Adamsoceras Temporal range: Ordovician

Scientific classification
- Kingdom: Animalia
- Phylum: Mollusca
- Class: Cephalopoda
- Subclass: Nautiloidea
- Order: †Actinocerida
- Family: †Wutinoceratidae
- Genus: †Adamsoceras Flower, 1957
- Species: †Adamsoceras holmi Troedsson, 1926 ; †Adamsoceras isabelae Flower, 1957 ;

= Adamsoceras =

Extinct genus of cephalopods

Adamsoceras is a genus of actinocerids of the family Wutinoceratidae, with spheroidal siphuncle segments like Ormoceras, but having a reticular canal system like Wutinoceras.

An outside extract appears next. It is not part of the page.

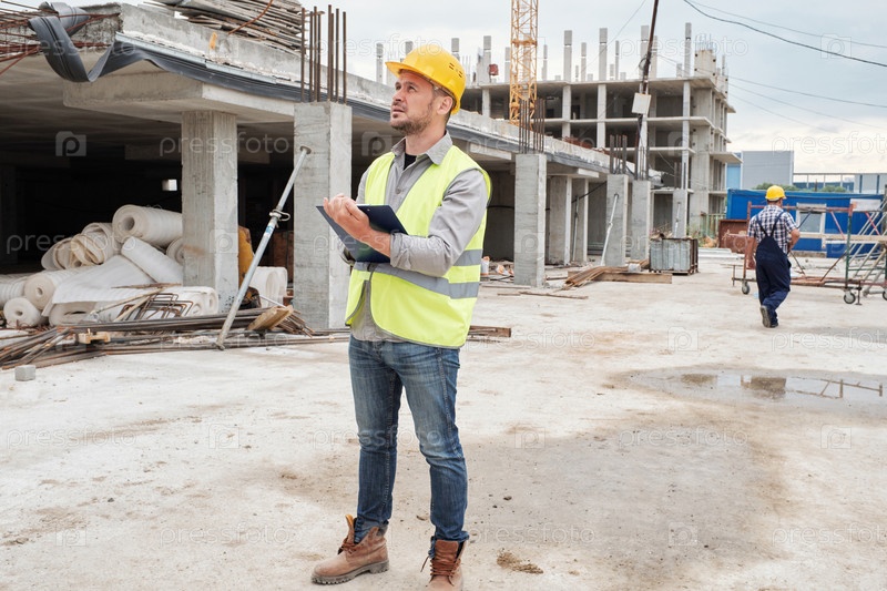 Молодой взрослый человек осматривает стройплощадку с помощью цифрового планшета
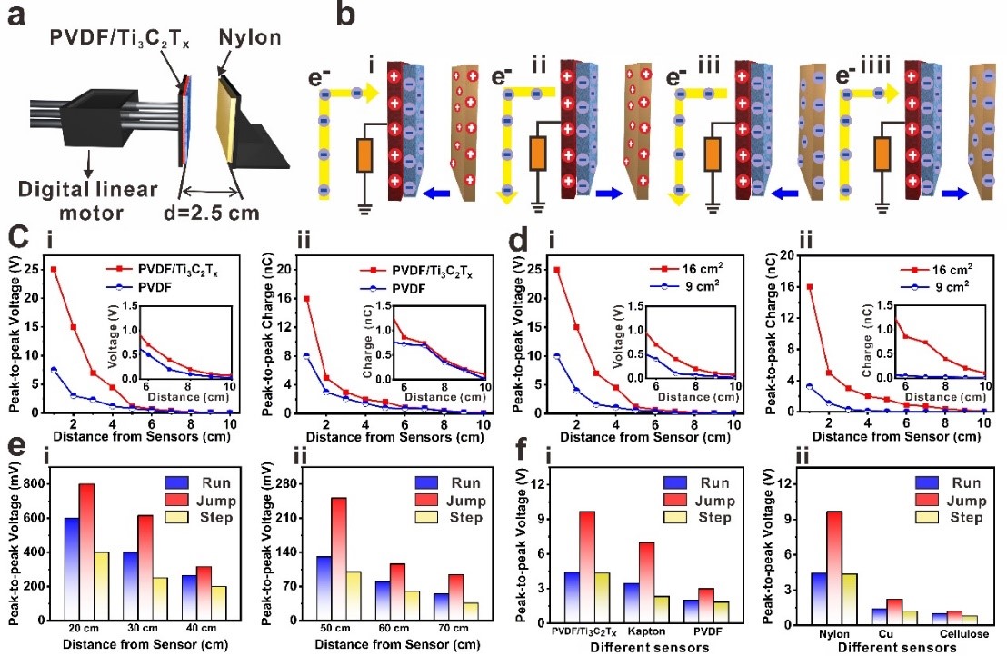 图4. 传感器设计及工作原理。a) 初步表征的实验装置。b) 由带正电或负电的物体移动而产生的电流。c) PVDF@Ti3C2Tx传感器距离变化引起的电压和电荷输出。d) PVDF@Ti3C2Tx传感器面积变化导致的电压和电荷输出。e) 不同活动和距离的电压输出。f) 不同摩擦电材料的电压输出。

Adamsoceras has a slender, gently expanding, orthoconic shell that is slightly broader than high, i.e. depressed, with close spaced septa that form ventral lobes and a siphuncle that is near the ventral margin.

Adamsoceras is known from rocks of Whiterockian age (early Middle Ordovician) in Nevada, the Baltic, Tasmania, and Manchuria. It may have been derived from Wutinoceras, or from a common ancestor, and gave rise to Ormoceras.

The genotype is Adamsoceras isabelae from the upper Pogonip Group in Ikes Canyon in the Toquima Range in Nevada.